A short guide to setting up a Python environment for scientific computing on a Mac

Introduction

This guide is designed to help you get a Python environment up and running for scientific computing and numerics, a la Matlab. It does not provide particular packages for domain specific tasks, but rather the package base to get started from. Effective numeric computing in Python is reliant on numpy with a fast BLAS backend. This guide puts a particular focus on getting that bit right.

Homebrew

Homebrew is a package manager for the mac that provides Python package dependencies. In my experience of using both Homebrew and Macports, Homebrew is much more maintainable in the long run. You can get Homebrew at http://brew.sh, or via the command:

ruby -e "$(curl -fsSL https://raw.githubusercontent.com/Homebrew/install/master/install)"
  1. Install Python
    It's potentially a good idea to keep your working Python environment separate from what the system requires, so we'll install an updated version of Python using brew:

    brew install python
    

    This generates a separate package namespace, and also installs pip, the package manager, which will be used to install the Python packages.

  2. Install OpenBLAS
    OpenBLAS is a fast open-source BLAS and LAPACK implementation. We'll use it as a backend for Python's numeric library, numpy. It's best to build it from source on your architecture for optimal speed:

    brew install homebrew/science/openblas --build-from-source 
    
  3. Install FFTW3 (Optional)
    FFTW is a library for performing Fast Fourier Transforms. We'll install a Python wrapper for it, but first we need the C/Fortran library. Again, build from source to get the maximum performance:

    brew install fftw --build-from-source
    

PIP

PIP is the de facto package manager for Python. It installs packages from the Python Package Index (PyPI), as well as any URL pointing to a Git or Mercurial repository. If you installed Python using Homebrew, then you'll already have PIP, otherwise it can be installed manually:

curl -fsSL https://bootstrap.pypa.io/get-pip.py > get-pip.py
python get-pip.py
rm get-pip.py

Numpy Setup

Now that we have OpenBLAS and (optionally) FFTW, we want to build numpy against these libraries. The configuration is provided in .numpy-site.cfg and can be downloaded automatically into place with:

curl -fsSL https://raw.githubusercontent.com/hbristow/pysetup/master/.numpy-site.cfg > ~/.numpy-site.cfg

NOTE: this file must be written to your home directory with the given name.

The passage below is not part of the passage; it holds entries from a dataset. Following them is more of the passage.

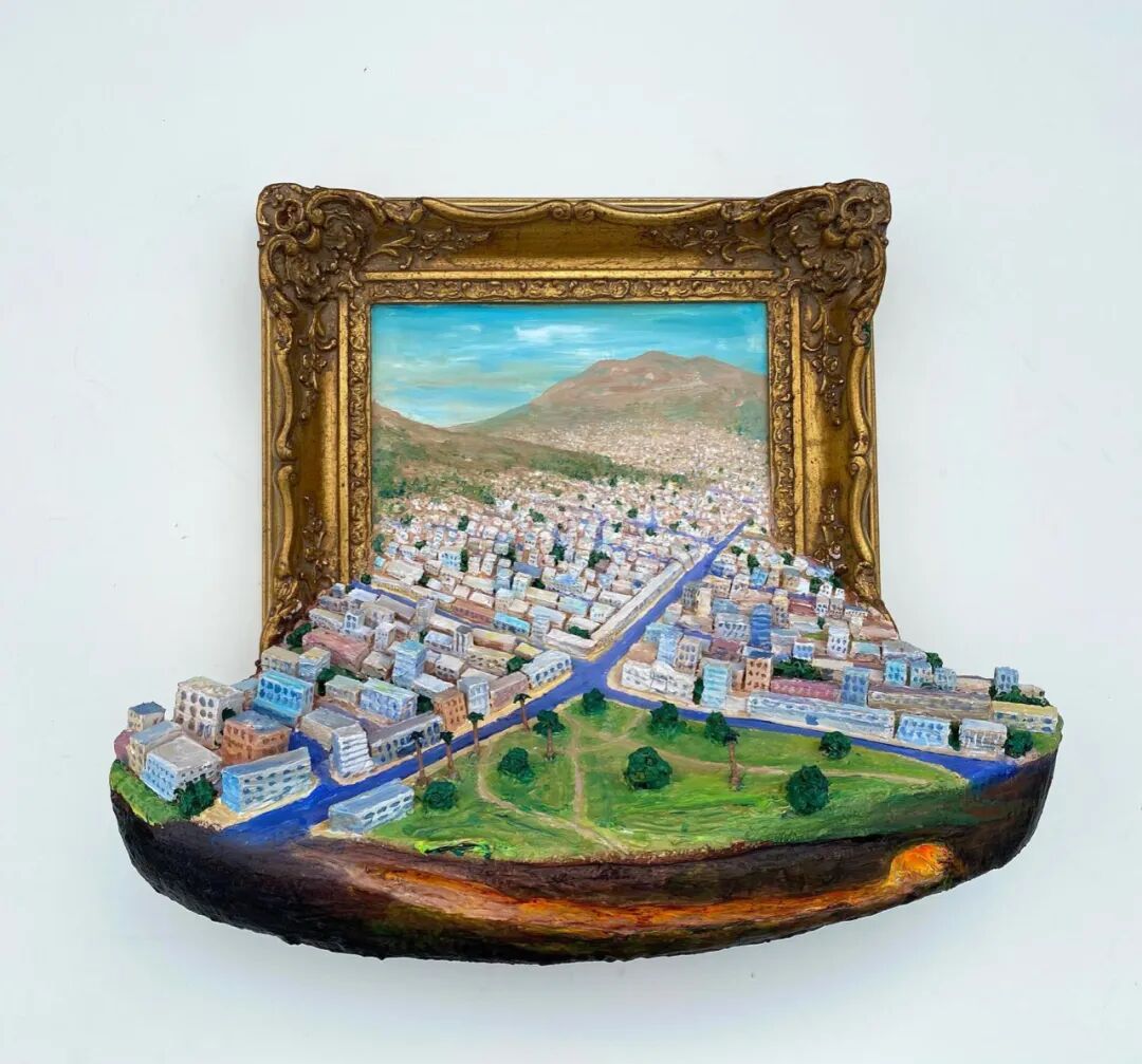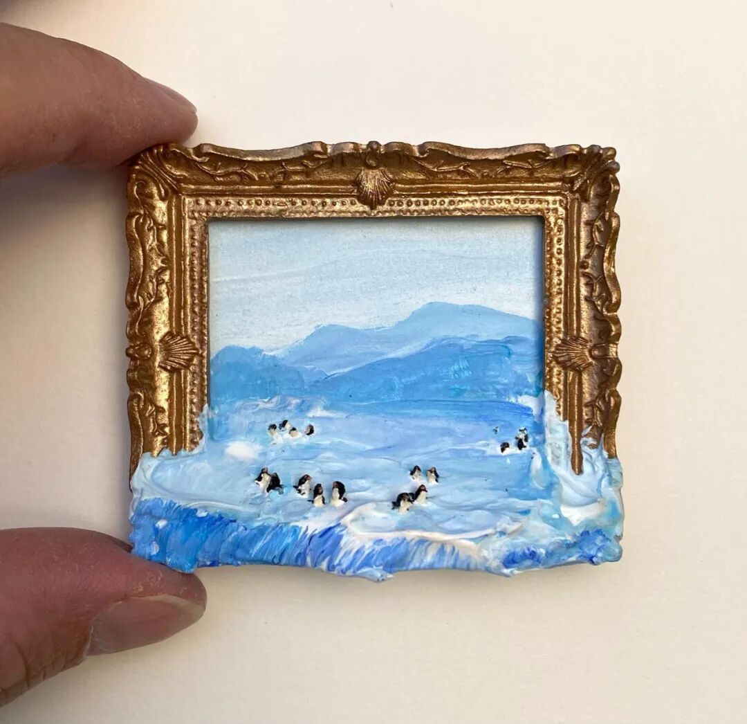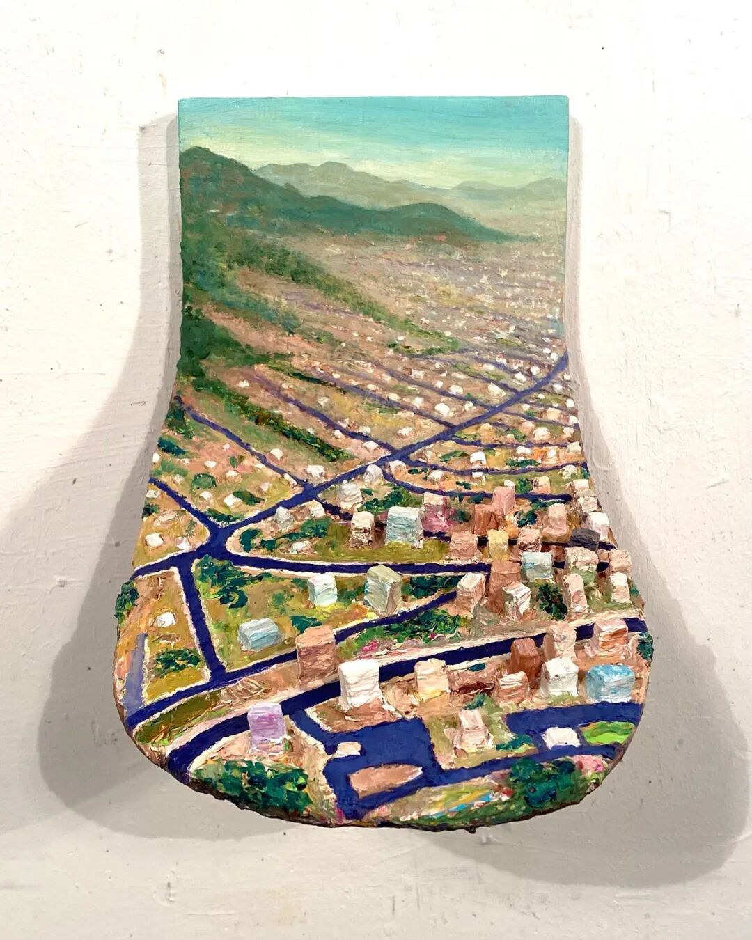 欣赏巴里·哈扎德的绘画作品,可以多角度去欣赏,就像是看一座雕塑一样,我们正面去欣赏这种3D画作,它就是一幅看起来较为立体的风景绘画,如果我们从侧面去欣赏,它就变成了类似微缩场景的雕塑,远近高低各不同,这也是巴里·哈扎德绘画作品的最大特点之一。
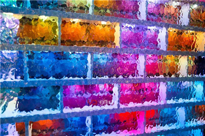 燈光描繪的色塊在空間中閃爍,仿佛水晶般晶瑩剔透,琉璃色時(shí)空交替,與瓦廠的時(shí)空融為一體。
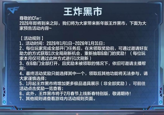 哈喽,各位CFer大家好呀!2026年即将到来,在这辞旧迎新之际,CF手游推出新年版王炸黑市活动,所有玩家可邀请好友助力刷新一次奖励,一起来看看吧!

Next, install numpy using pip. The --no-use-wheel option forces it to be built from source. The -march=native flag passed to Clang will enable the full feature suite of your processor (SSE, AVX, etc):

CFLAGS="-march=native" pip install --no-use-wheel numpy

Python Packages

Now that the core numeric library, numpy, has been installed, a number of useful companion packages can be installed. I've put together a concise list in requirements.txt. pip can install all of these packages and their dependencies in one fell swoop:

pip install -r https://raw.githubusercontent.com/hbristow/pysetup/master/requirements.txt

Test

To test whether numpy has successfully built against OpenBLAS, boot up the new interpreter you just installed:

ipython

Then import numpy and display the config:

import numpy
numpy.show_config()

This should contain information about paths to BLAS and LAPACK and, importantly, make mention of OpenBLAS if indeed it was found.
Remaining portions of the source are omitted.